Up the Creek: Paid bounties back in the news

By Ken Blomberg
I am old enough to remember when the state paid bounties to hunters for killing predators. The Wisconsin Legislature passed a state bounty in 1865, offering $5 for every wolf killed. Well, I’m not that old, but history tells us this practice was thought to assist preserving dwindling deer populations in the early 1900s. At that time, the state supported the elimination of predators like wolves and their bounty was increased to $20 for adults and $10 for pups. Wolf bounties persisted until 1957. Through the year 1963, bounties were paid out at county courthouses for coyotes, foxes, weasels, crows and ravens. Hawks and owls were unprotected and shot regularly – the practice being justified as helping game animal populations. Science has since proven that wrong. Regulated hunting and trapping of fur bearing predators still exists and keeps close tabs on both predator and prey populations.
Recently, bounties are back in the news. But not for predators. The target in the cross hairs today are whitetail deer. Deer carrying Chronic Wasting Disease (CWD). The infection rate is getting worse every year. In some southern counties, the infection rate is about 50 percent among adult bucks, according to the Department of Natural Resources (DNR). Statewide in 2018, 1,019 CWD-positive deer were detected among 16,735 tested, or 6 percent. Portage County has been labeled a CWD county.
And apparently you will soon have a chance to vote on a proposed $1,000 bounty to hunters and landowners that take out diseased animals from the growing infected herd. Do I have your attention now?
The program, now referred to as Payment for Positives, would provide a cash payment (bounty) to hunters and landowners who kill, sample and register a CWD-positive deer. Business owners who provide sampling services also would be compensated. The Wisconsin Conservation Congress (WCC) has announced it will put the question before the public on April 8th at the 2019 Annual Spring Fish and Game Hearings in all counties.

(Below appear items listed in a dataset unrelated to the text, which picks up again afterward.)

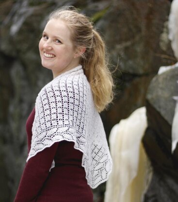 White shawl used 1 skein Jaggerspun Zephyr Wool-Silk 2/18 in White [50% merino, 50% silk; 630yd/ 576 m per 57g] on 3.5mm (US 4) needles. Blocked size: 125 x 71 cm (49 x 28 inches). Gauge: 19 stitches = 10 cm in stockinette.
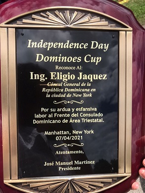 La distinción fue entregada en la 8va edición de la Copa Independencia de Dominó, la cual fue efectuada el domingo 4 de julio fecha en que se celebró la Independencia Nacional de los Estados Unidos, en Dyckman Park, ubicado en el sector de Inwood del condado de Manhattan.
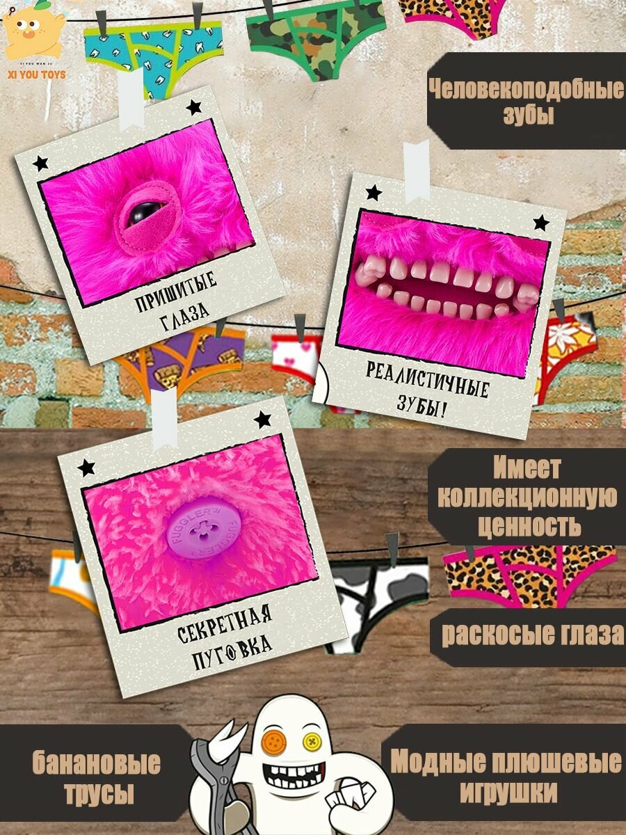 Купить Zuru Fuggler Funny Ugly Monster Budgie Mr Buttons / Зубы, Как У Человека, Удлиненные Глаза, Нижнее Белье-банан с доставкой по всей России.
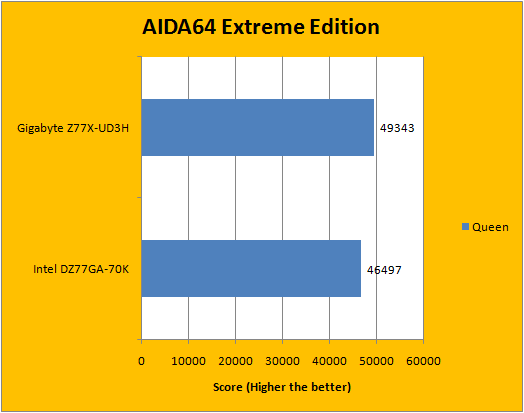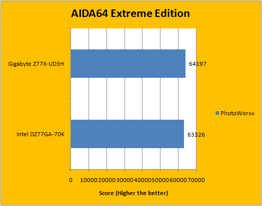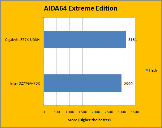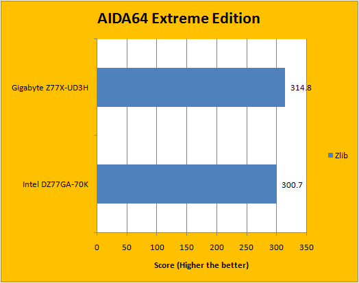 Alright, let's begin the most boring part of our motherboard review today: The benchmarks. If you are reading this, you are one of the few who didn't skip over this section and went straight for the conclusion, haha. This is because benchmarking motherboards are usually, well, not very useful. We still do them anyway, but nowadays with so many features on the processor itself, evaluating a motherboard in this manner has become somewhat irrelevant. As always, our first set of benchmark results presented on the table are data obtained using AIDA64 CPU tests, formerly known as EVEREST. The results are plugged into our graphs above, with comparison against the Gigabyte GA-Z77X-UD3H. The Intel Desktop Board DZ77GA-70K was actually outperformed by its Gigabyte counterpart in most tests, with a small but measurable difference out of the box. A quick look into CPU-Z shows that Gigabyte did bump the base clock up slightly under load, giving the processor a minute overclocking advantage.

Question number 12 is among WCC advisory measures and reads, “Conduct a pilot CWD Payment for Positives program in 2019.” The question is; Do you favor conducting a pilot CWD Payment for Positives program to test if CWD testing rates and removal of CWD-positive deer can be increased from infected areas?

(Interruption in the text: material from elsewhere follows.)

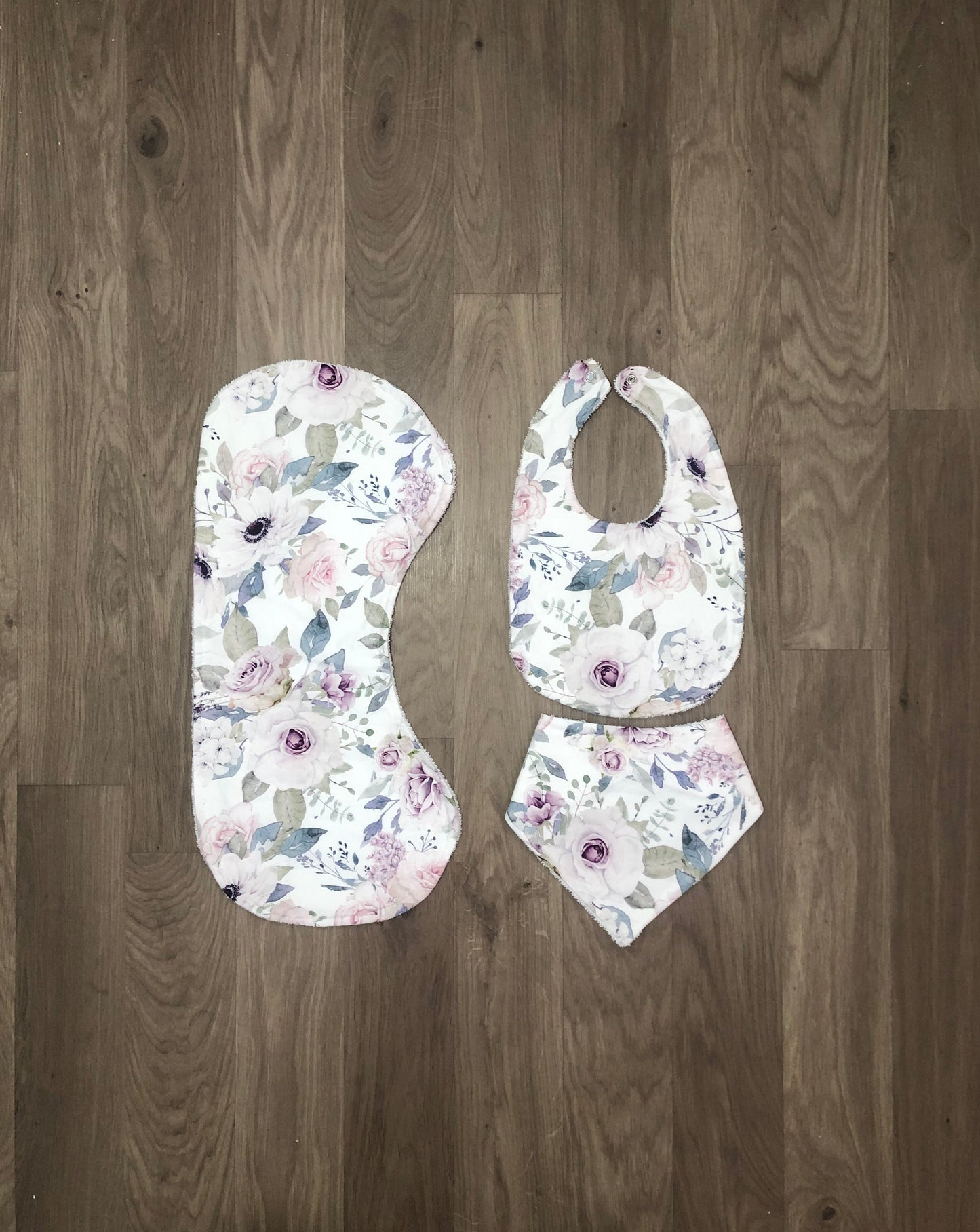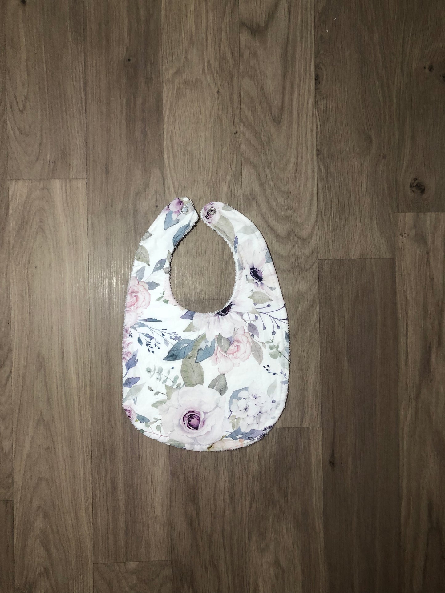 Our beautiful bibs and burp cloths are handmade with cotton on the front and absorbent toweling on the back.

According to Mike Foy, a retired DNR wildlife biologist, “The program will provide substantial rewards to landowners and their hunters who remove CWD-positive deer on a completely voluntary basis, guided by prevalence maps. Provide smaller reward to cooperating sample stations, meat processors, taxidermists, CWD contractors and other small businesses that collect CWD positive samples with good data too.” The original proposal awarded $1000 to landowner, $1000 to hunter, and $300 to small business sample taker for each CWD-positive deer taken. The hearing question will describe three funding levels ranging from payments of $750, $1,000 or $1,250 for each CWD-positive deer. When payments to participants are made, and estimated positive deer are harvested, it would cost between $900,000 and $1.4 million.
A small price to pay to save our Wisconsin deer herd and the 1.3-billion-dollar industry it supports.